**Input data**
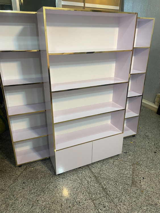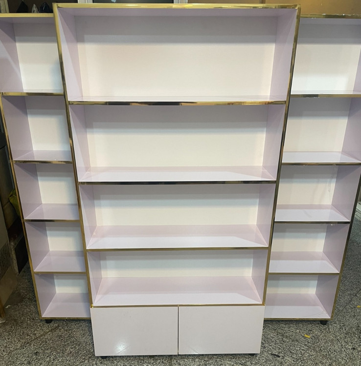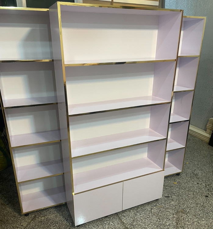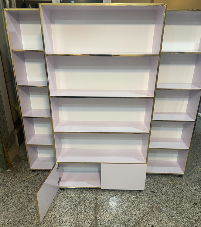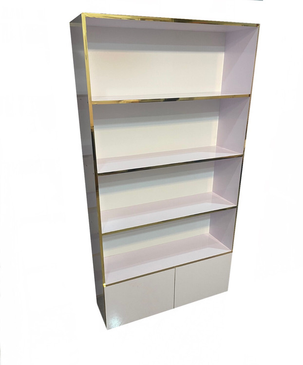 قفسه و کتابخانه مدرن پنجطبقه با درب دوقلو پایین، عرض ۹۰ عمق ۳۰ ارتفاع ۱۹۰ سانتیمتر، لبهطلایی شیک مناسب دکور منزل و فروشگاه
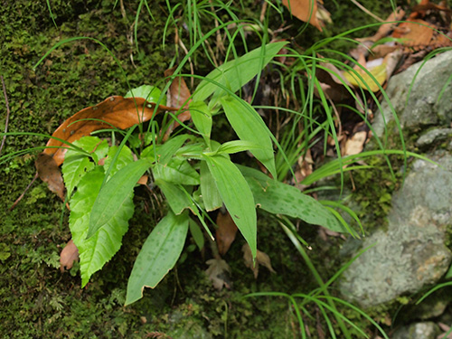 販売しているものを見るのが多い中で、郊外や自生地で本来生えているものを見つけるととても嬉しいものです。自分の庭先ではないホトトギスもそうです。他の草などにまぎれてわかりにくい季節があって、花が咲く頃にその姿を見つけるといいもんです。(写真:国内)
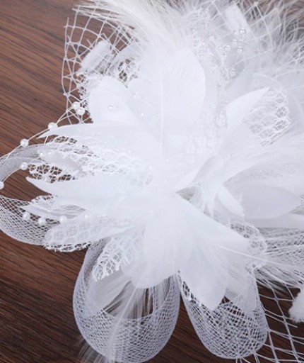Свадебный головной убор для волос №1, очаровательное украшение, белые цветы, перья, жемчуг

**Your goal**
Omitting the pictures, write out the material above exactly as it stands.

**Solution for this exercise**
 قفسه و کتابخانه مدرن پنجطبقه با درب دوقلو پایین، عرض ۹۰ عمق ۳۰ ارتفاع ۱۹۰ سانتیمتر، لبهطلایی شیک مناسب دکور منزل و فروشگاه
 販売しているものを見るのが多い中で、郊外や自生地で本来生えているものを見つけるととても嬉しいものです。自分の庭先ではないホトトギスもそうです。他の草などにまぎれてわかりにくい季節があって、花が咲く頃にその姿を見つけるといいもんです。(写真:国内)
Свадебный головной убор для волос №1, очаровательное украшение, белые цветы, перья, жемчуг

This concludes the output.